Возникает вопрос, почему аудиоаналитики не могут взять в толк,
что если повар умер, мы не перестанем хотеть есть, а уж тем более
после прогулки. Этому желанию не может помешать, даже то, что
последние сорок лет нас кормят ужасающей музыкальной баландой.
Объясняется все просто: тяга к настоящей музыке исчезнуть не может в
принципе, так как является физиологической потребностью. К тому же
она связана только со слуховым восприятием и к просмотрам
кинофильмов отношения не имеет. Тогда почему рынок "хай-энд" отдает
концы?
Мне кажется, причины сложившейся ситуации следует искать не в
нынешнем времени, а гораздо раньше в конце 1920-х годов, когда
Берлинер оставил пластиночный бизнес и ушел на пенсию. Именно тогда
исчезло духовное начало, объединявшее музыку н аудиотехнику, что
повлекло за собой буквально вавилонское столпотворение: музыканты
еще тараторили на своем птичьем языке (на котором, кстати,
продолжают чирикать музыковеды).
Когда вместо интеллигентных техников в студиях звукозаписи
появились саунд-инженеры. Не проявляя к музыке и тем более к
неосознаваемому содержанию никакого интереса, они полагались на
синтетические сигналы, оперируя при этом такими понятиями, как
амплитудно-частотная характеристика, импульсная реакция, коэффициент
гармоник и г. п. Технические термины, которыми сыпали
саунд-инженеры, гипнотизировали музыкантов.

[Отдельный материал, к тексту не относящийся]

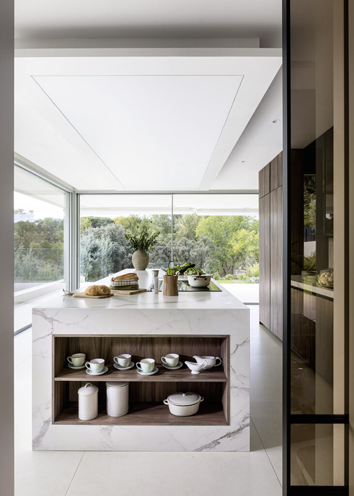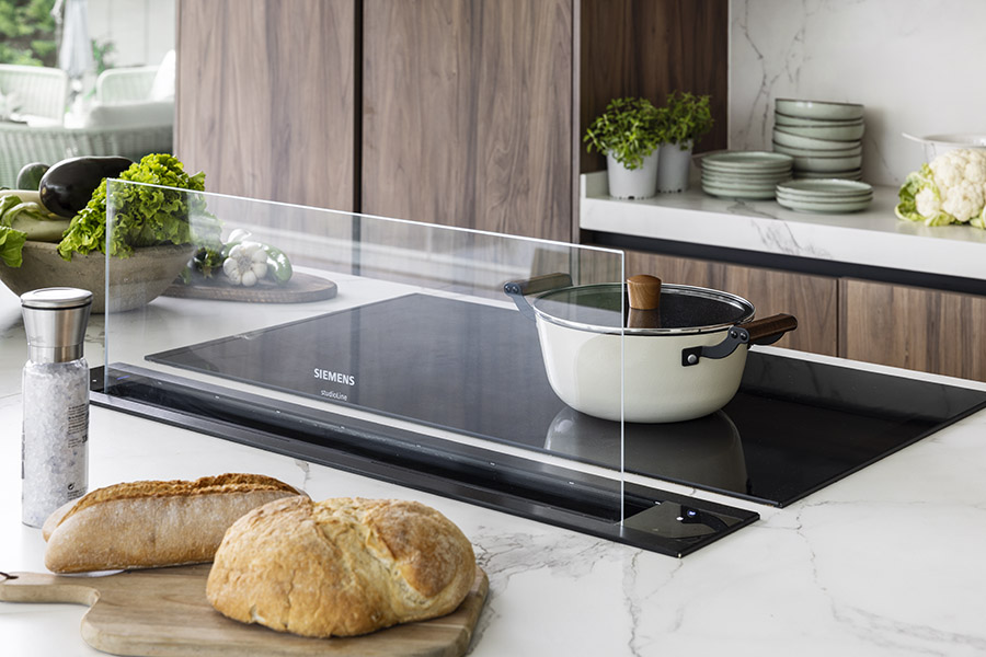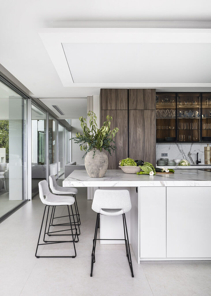 El equipamiento tecnológico se resuelve con electrodomésticos StudioLine de Siemens, completamente integrados para reforzar el concepto de “silencio visual”: una cocina donde la innovación técnica se funde con el diseño, permitiendo que la materialidad y la arquitectura sean las verdaderas protagonistas.

Подобно заклинаниям шаманов, они внушали безоглядно довериться
звукотехнике, чему способствовало и развитое у музыкантов
воображение. Именно благодаря ему служители музы подсознательно
восполняли потери музыки, привнесенные оборудованием записи, и
потому не замечали их. Воображение же у музыкантов из-за
повседневного слушания живых певческих голосов и инструментов, а
также из-за регулярного музицирования развито совсем неплохо и даже
лучше, чем у меломанов.
Известно, что Герберт фон Караян, необычайно требовательный к
звучанию своего оркестра, на "исчезновение" музыки в аудиоаппаратуре
не обращал внимания. Заметьте, от музыкантов никогда не приходится
слышать, слов вроде: "Господа саунд-инженеры, вы, кажется,
заблудились!". А может быть, никто не заблудился? Просто техника в
принципе не способна передавать музыку такой, какой она предстает
перед нами на живом концерте?
Ответить на поставленный вопрос было бы нелегко, если бы в
течение первых 30 лег XX века на земле не процветал настоящий
граммофонный рай. Кстати, рай этот существовал только потому, что у
возглавлявшего его Берлинера техниками работали настоящие лорды.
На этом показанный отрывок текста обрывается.